When estimating the abundance of nuclear inserts derived from more complex genomes, it may be useful to restrict the analysis to a subset of the variant data depending on genome features. For instance, plastid genomes tend to contain a large inverted repeat region (Kolodner & Tewari, 1979), where sequence alignment and variant calling may be unreliable. In addition to regions excluded due to prior knowledge, regions can be excluded if they show aberrant signals. Because our method is based on regression, an analysis of the residuals may be used to uncover individuals or genome regions showing unexpected patterns. To this end, we have implemented in our R package an intercept-position-plot function (see tutorial in the Supplemental Materials).
Our method relies on multiple samples with varying ratios of true mitochondrial DNA to nuclear DNA. We found that sufficient variation (several fold) arises in the standard use of commercial extraction kits. However, this variation could be accentuated by deliberately choosing tissues with different mitochondrial density, or modifying the extraction process (Lansman, Shade, Shapira, & Avise, 1981; Macher, Zizka, Weigand, & Leese, 2018; Zhang & Hewitt, 1996a).

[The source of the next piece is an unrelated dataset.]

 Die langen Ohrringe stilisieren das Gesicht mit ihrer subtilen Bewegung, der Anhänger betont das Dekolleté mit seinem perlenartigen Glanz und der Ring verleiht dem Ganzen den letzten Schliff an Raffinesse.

Finally, we would like to point our approach is robust to the existence of nuclear vagrant DNAs that are identical in sequence to their extranuclear original DNAs. This is because, different to other methods, we do not directly identify all copies of vagrant DNA, which would not be possible with low-coverage (< 1x) sequencing data. Instead, our methods are based on high allele frequencies as would be observed at a site that recently experienced a nucleotide substitution in the extranuclear genome – leading to (near) perfect divergence between nuclear inserts and extranuclear DNA at that site.
Utility of the approach
Our method is applicable to a wide range of species and sources of extranuclear DNA. Because it is based on allele frequencies rather than the length of sequence inserts, knowledge of part of the extranuclear genome is sufficient for our method to work. This should be particularly useful where extranuclear genomes are difficult to assemble as in the case of plant mitochondria (Mower, Sloan, & Alverson, 2012). In addition, parts of the reference containing repeats such as the inverted repeat region on land plant plastids (Wicke, Schneeweiss, DePamphilis, Müller, & Quandt, 2011) can be excluded, which might otherwise confound variant calling.

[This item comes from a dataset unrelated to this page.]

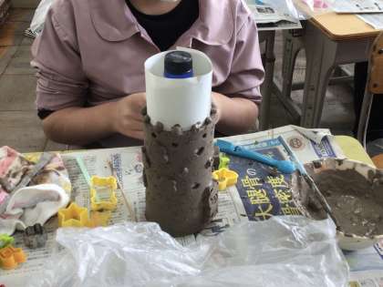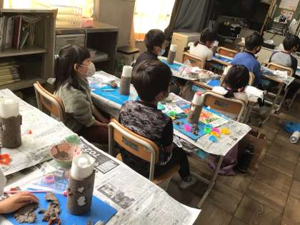 3年生図画工作科では、粘土を使ってランプシェードを作りました。粘土を丸めたり、模様を付けたりしました。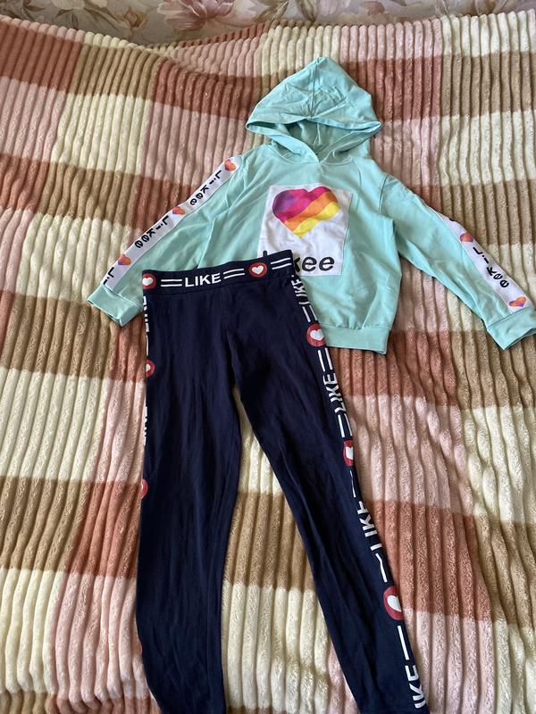 Оплата поперед оплаті Довжина рукава-41 см Довжина кофти-44 см Ширина кофти-36 см Ширина штанів (пояса)-28 см Довжина штанів (від пояса)-71 см Розмір кофти-122 Розмір штанів-134 Носила обережно

Because our method relies on low-coverage sequencing, it is also suitable for museum samples, which often contain degraded DNA and where contaminations may complicate analyses that target specific marker loci. Low-coverage sequencing or ‘genome skimming’ (Straub et al., 2012) data is straightforward to generate at comparatively low cost. Different to marker-based approaches such as PCR/Sanger-sequencing or target capture, no prior knowledge about the samples’ genomes is required. The analysis of low-coverage data is also less computationally demanding than the generation of a high-quality genome assembly. In addition, population-level low-coverage sequencing data naturally lend themselves to population or landscape genetic analyses because it is usually possible to reconstruct from such data rDNA, mitochondrial, and (in plants) plastid sequences (Dodsworth et al., 2015; Twyford & Ness, 2016).